Mark Gerber wrote:Unfortunately, I have little understanding of how to interpret the information Activity Monitor presents. The Network graph shows occasional spikes up to around 1.56KB/sec with nothing else but the verify process running--but it will jump to 65KB/sec when grabbing a page from the web. QRecallHelper is running: the numbers under the CPU column bounce from 0.0 to 0.1, threads seem to stay around 10, and it's using 1.39GB of virtual memory.

Here's an example from my own machine:

The verify is reading an archive on a small server (a MacMini) over a 100Mb ethernet network. As you can see, the network is saturated, reading its maximum of about 11Mbytes (100Mbits) per second, continuously. If your network is showing 1.5KB/15Kb per second then something isn't happening. Even if the verify is reading empty space (where the quanta, file, and folder numbers won't change), the I/O should still be saturated.

At a data rate of 11MB/s, the QRecallHelper should be using about 10-20% of the CPU, occasionally spiking to 100% or more (w/ multiple CPUs) as it digests index and directory information.

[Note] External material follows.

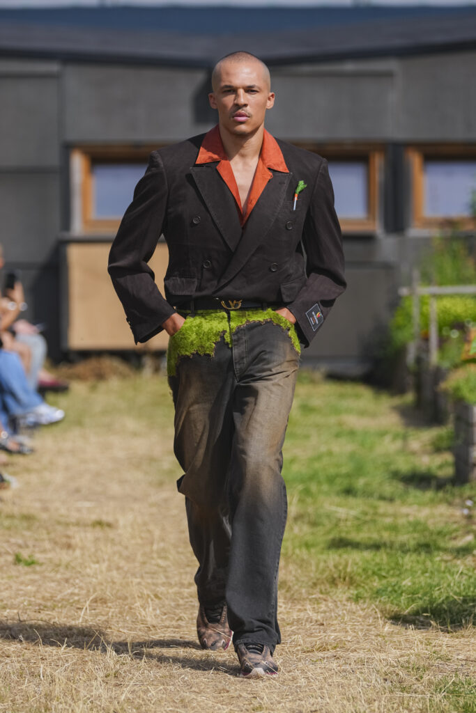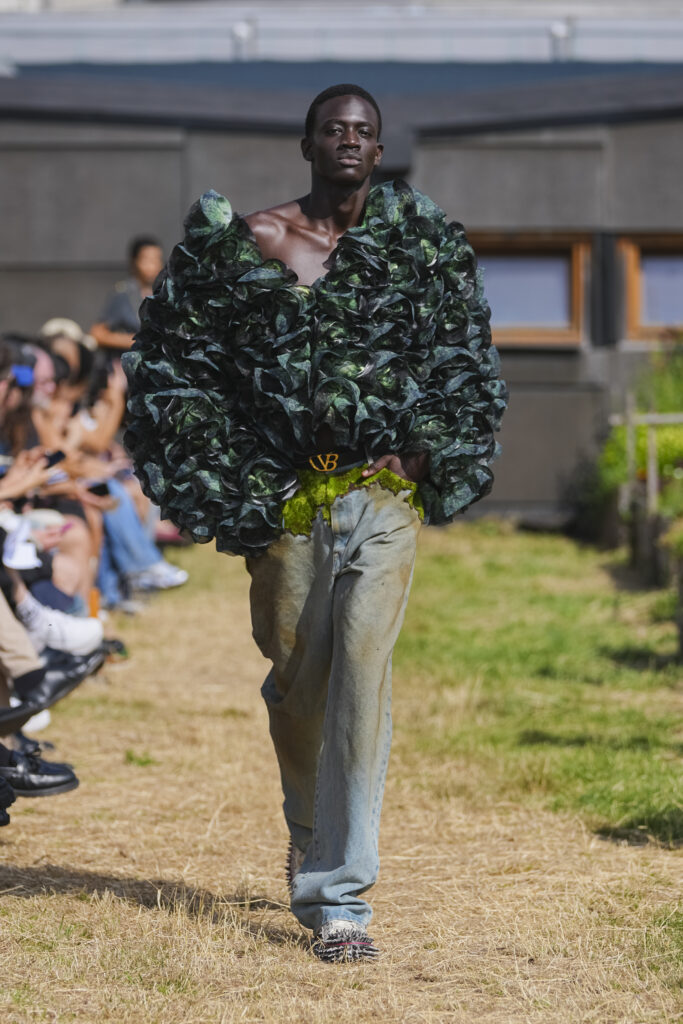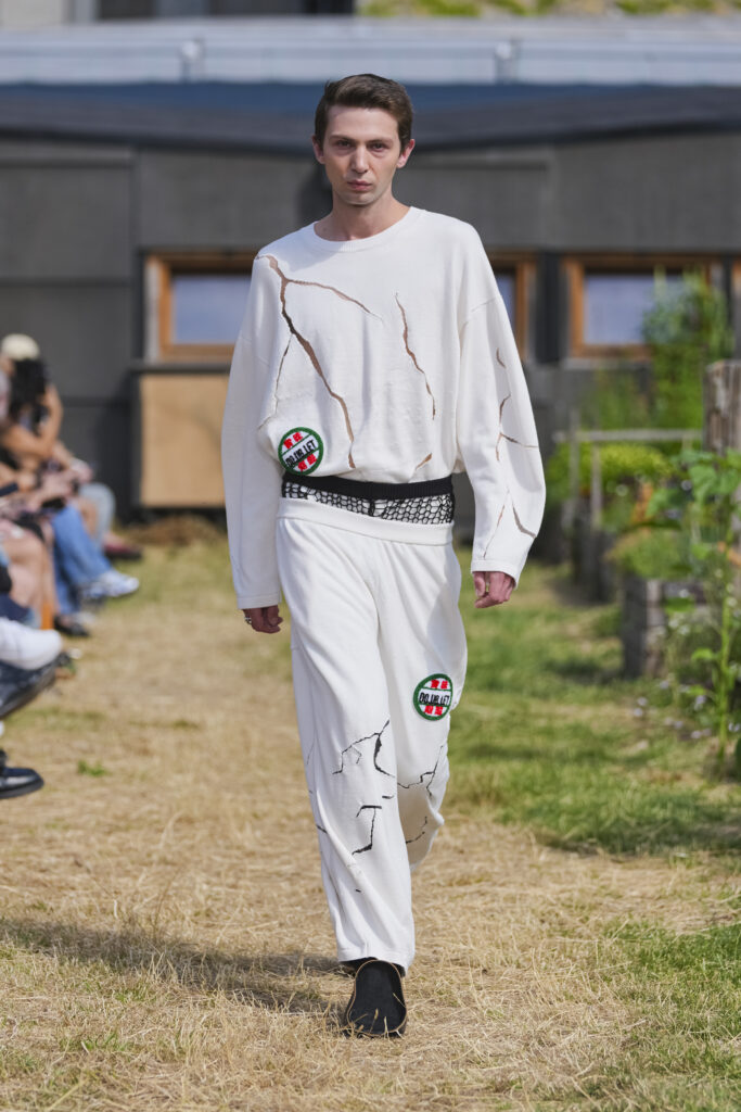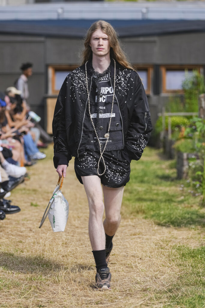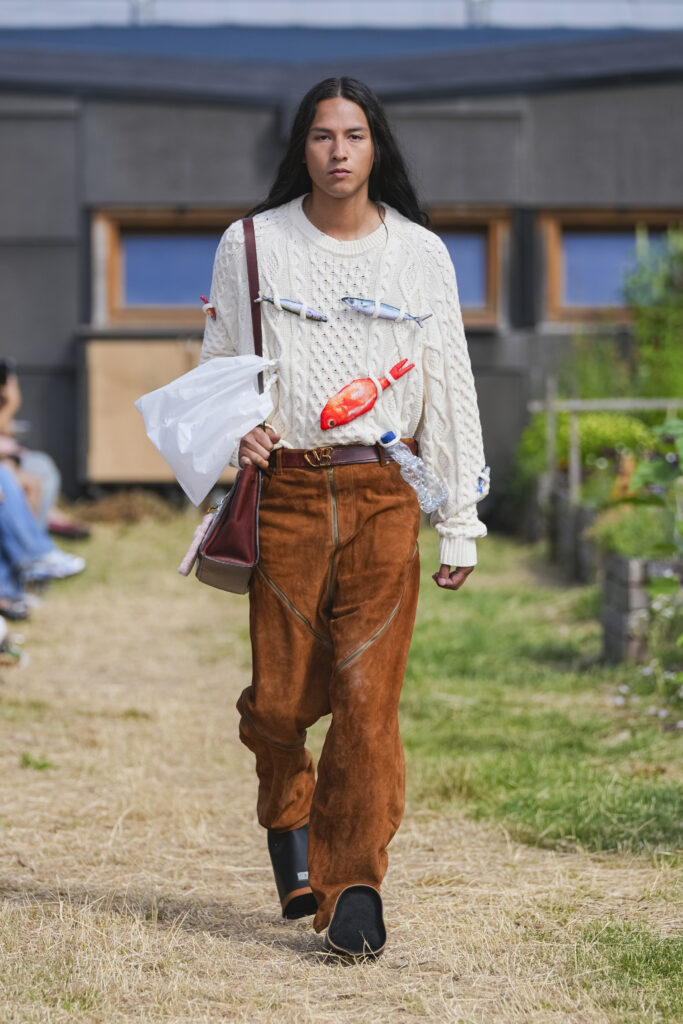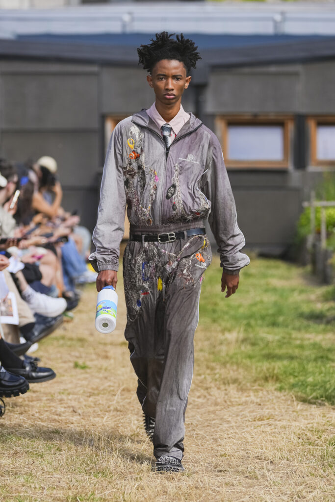 Les matières sont volontairement trompeuses : du polyester imprimé façon denim ou cuir, des broderies animées par l’effet de la marche, des textiles réfléchissants qui réagissent à la lumière UV. Le créateur joue aussi avec des pièces semi-transparentes portées sur des bases plus rigides, créant des jeux de duplication et d’hallucination visuelle.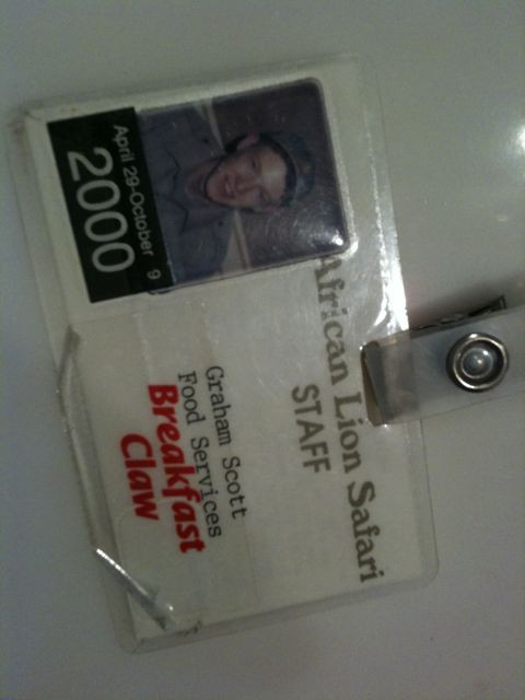 At parents' place, doing some nostalgia-culling. Found my decade-old African Lion Safari employee card: http://twitpic.com/245851

Caveat: You'll have to verify that Activity Monitor can actually monitor the data being transferred to/from your NAS device with the makers of the device. Some devices use their own network protocol and bypass the normal TCP/IP stack, so their communications isn't accounted for by the network traffic statistics. The traffic could show up as Disk Activity or not at all.

Mark Gerber wrote:Is it possible to tell if those errors are related to problems transferring the data or problems writing to the drive?

I can't tell you from the logs. When QRecall makes a request for data it either gets it or an error code. An I/O error code doesn't indicate what caused the failure, just that it failed.

So, here's what I've done so far:

- I successfully copied the 19 GB archive on the G3 (mini documents backup) to the NAS drive. It took about 3 hours.
- Opened the archive and ran "Verify".
- After about 1-1/2 hours and with the status window still showing the same numbers for the past hour (about 70.000 quanta, , 2.8 GB, and 15 folders) I felt I should force quit (I know, patience!).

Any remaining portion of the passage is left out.